▸ TRY IT
Copy exactly every line below, from the first through the one that contains "Get your season", and skip all pictures.

▸ DATA

'''

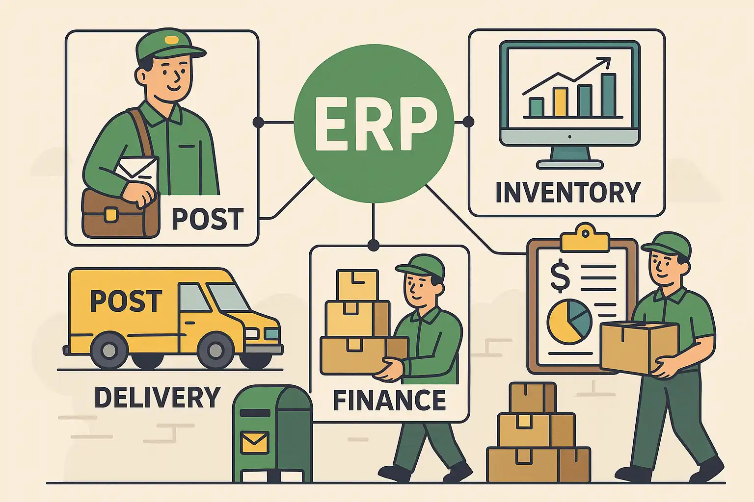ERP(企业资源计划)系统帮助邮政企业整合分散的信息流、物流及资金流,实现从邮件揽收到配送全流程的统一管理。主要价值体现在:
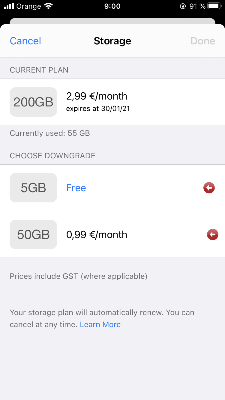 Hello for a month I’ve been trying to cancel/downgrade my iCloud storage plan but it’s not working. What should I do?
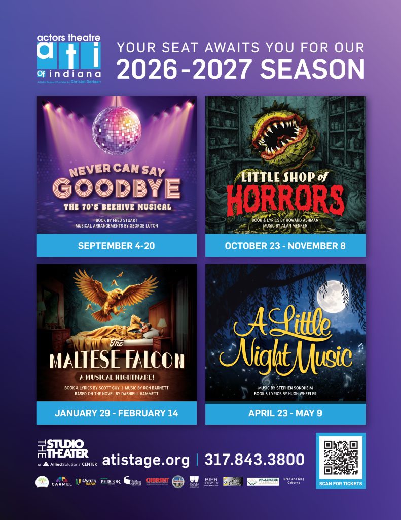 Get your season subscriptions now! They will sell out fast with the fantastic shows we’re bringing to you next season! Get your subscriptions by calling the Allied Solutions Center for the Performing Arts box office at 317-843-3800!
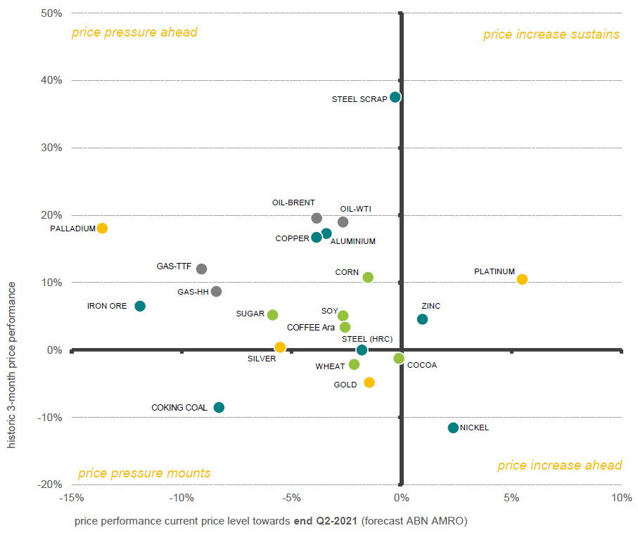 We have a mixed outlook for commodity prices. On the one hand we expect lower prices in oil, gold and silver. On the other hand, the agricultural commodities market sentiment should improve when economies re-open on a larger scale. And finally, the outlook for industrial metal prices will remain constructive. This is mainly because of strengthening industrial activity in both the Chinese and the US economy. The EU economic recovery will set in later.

'''

▸ SOLUTION TO THIS EXERCISE
ERP(企业资源计划)系统帮助邮政企业整合分散的信息流、物流及资金流,实现从邮件揽收到配送全流程的统一管理。主要价值体现在:
 Hello for a month I’ve been trying to cancel/downgrade my iCloud storage plan but it’s not working. What should I do?
 Get your season subscriptions now! They will sell out fast with the fantastic shows we’re bringing to you next season! Get your subscriptions by calling the Allied Solutions Center for the Performing Arts box office at 317-843-3800!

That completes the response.